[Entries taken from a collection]
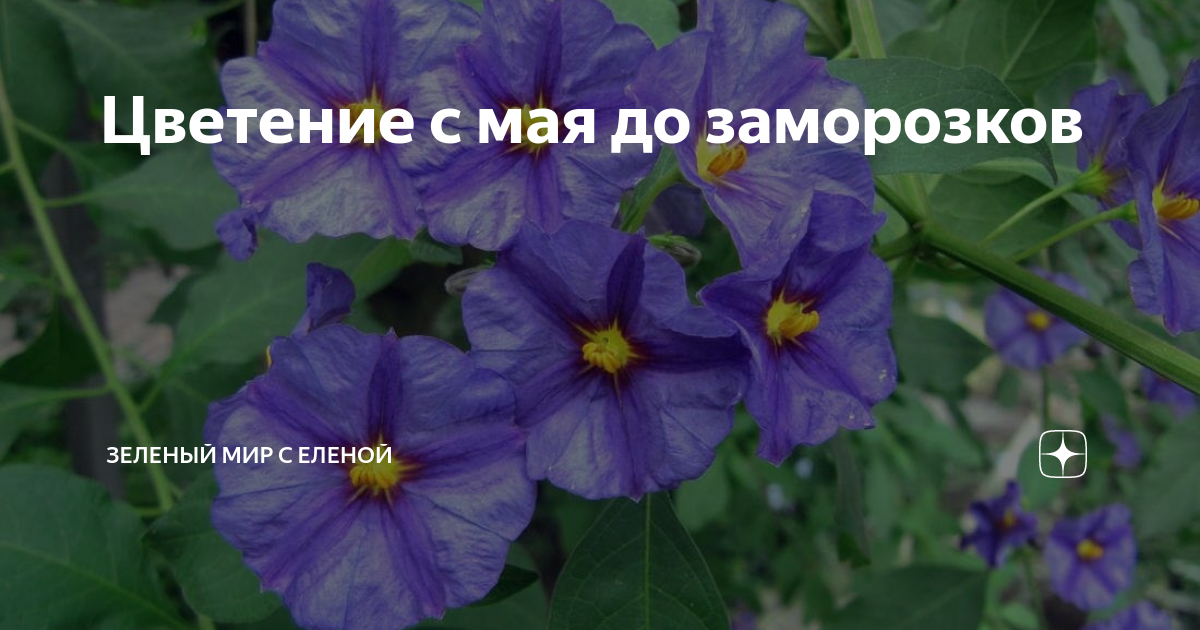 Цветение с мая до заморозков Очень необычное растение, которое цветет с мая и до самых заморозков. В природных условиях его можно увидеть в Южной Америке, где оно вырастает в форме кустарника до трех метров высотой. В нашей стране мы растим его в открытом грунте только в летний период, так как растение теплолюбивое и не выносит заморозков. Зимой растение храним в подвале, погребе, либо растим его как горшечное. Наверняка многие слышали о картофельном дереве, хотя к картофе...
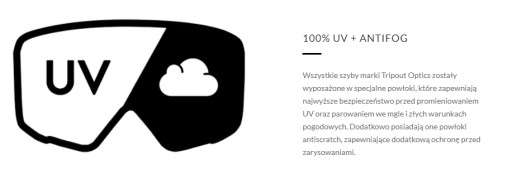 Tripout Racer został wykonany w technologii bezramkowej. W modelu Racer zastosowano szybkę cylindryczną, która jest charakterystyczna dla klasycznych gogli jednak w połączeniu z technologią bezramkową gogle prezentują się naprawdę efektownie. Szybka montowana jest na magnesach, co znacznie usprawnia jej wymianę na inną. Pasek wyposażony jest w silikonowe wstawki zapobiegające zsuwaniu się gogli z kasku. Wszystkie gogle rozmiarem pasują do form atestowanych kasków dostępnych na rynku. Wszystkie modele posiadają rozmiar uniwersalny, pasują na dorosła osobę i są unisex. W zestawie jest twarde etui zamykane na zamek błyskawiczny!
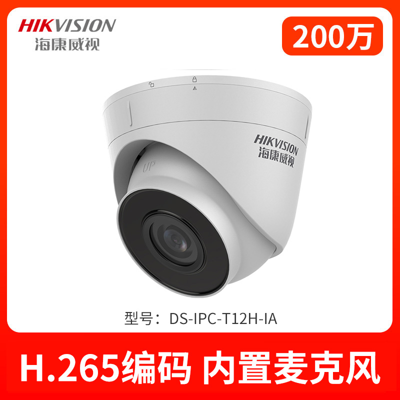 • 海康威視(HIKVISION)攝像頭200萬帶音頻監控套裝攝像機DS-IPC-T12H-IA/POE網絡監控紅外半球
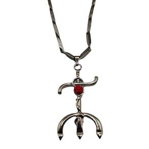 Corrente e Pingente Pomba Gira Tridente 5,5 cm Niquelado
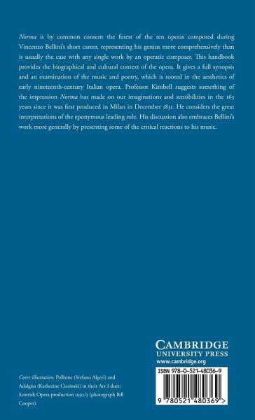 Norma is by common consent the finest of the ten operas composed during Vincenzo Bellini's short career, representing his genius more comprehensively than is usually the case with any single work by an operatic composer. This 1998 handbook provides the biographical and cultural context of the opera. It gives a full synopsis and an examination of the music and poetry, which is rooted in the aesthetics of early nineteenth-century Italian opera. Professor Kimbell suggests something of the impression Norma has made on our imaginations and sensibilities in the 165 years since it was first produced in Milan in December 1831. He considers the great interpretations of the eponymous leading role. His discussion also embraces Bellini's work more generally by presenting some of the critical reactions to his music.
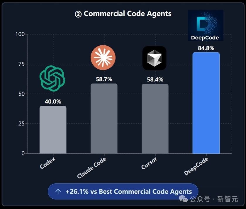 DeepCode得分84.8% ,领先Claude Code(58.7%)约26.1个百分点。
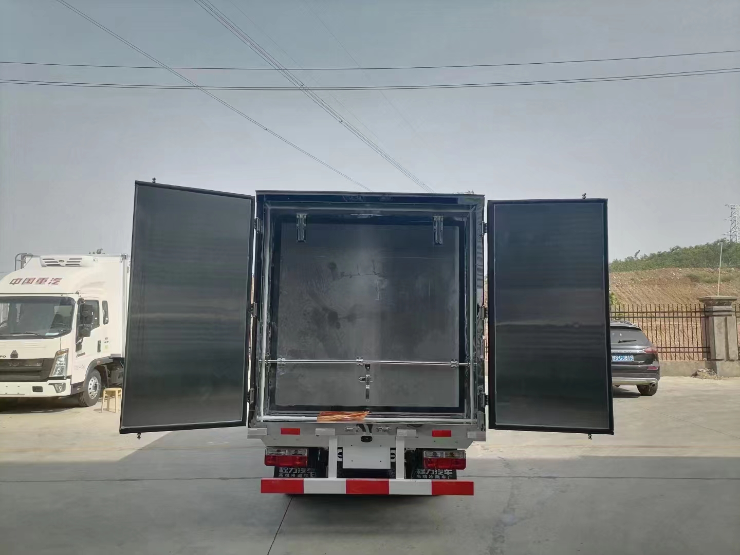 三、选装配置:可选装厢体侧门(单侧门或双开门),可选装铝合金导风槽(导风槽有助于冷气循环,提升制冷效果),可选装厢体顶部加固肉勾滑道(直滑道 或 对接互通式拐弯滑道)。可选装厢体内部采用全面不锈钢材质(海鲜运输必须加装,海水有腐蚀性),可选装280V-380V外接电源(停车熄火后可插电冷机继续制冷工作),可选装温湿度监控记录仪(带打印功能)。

== Directions for this task ==
Return only the lines from the start of the data through the line that contains "Corrente e Pingente", please, copying them exactly and omitting all pictures.

== Solved exercise ==
 Цветение с мая до заморозков Очень необычное растение, которое цветет с мая и до самых заморозков. В природных условиях его можно увидеть в Южной Америке, где оно вырастает в форме кустарника до трех метров высотой. В нашей стране мы растим его в открытом грунте только в летний период, так как растение теплолюбивое и не выносит заморозков. Зимой растение храним в подвале, погребе, либо растим его как горшечное. Наверняка многие слышали о картофельном дереве, хотя к картофе...
 Tripout Racer został wykonany w technologii bezramkowej. W modelu Racer zastosowano szybkę cylindryczną, która jest charakterystyczna dla klasycznych gogli jednak w połączeniu z technologią bezramkową gogle prezentują się naprawdę efektownie. Szybka montowana jest na magnesach, co znacznie usprawnia jej wymianę na inną. Pasek wyposażony jest w silikonowe wstawki zapobiegające zsuwaniu się gogli z kasku. Wszystkie gogle rozmiarem pasują do form atestowanych kasków dostępnych na rynku. Wszystkie modele posiadają rozmiar uniwersalny, pasują na dorosła osobę i są unisex. W zestawie jest twarde etui zamykane na zamek błyskawiczny!
 • 海康威視(HIKVISION)攝像頭200萬帶音頻監控套裝攝像機DS-IPC-T12H-IA/POE網絡監控紅外半球
 Corrente e Pingente Pomba Gira Tridente 5,5 cm Niquelado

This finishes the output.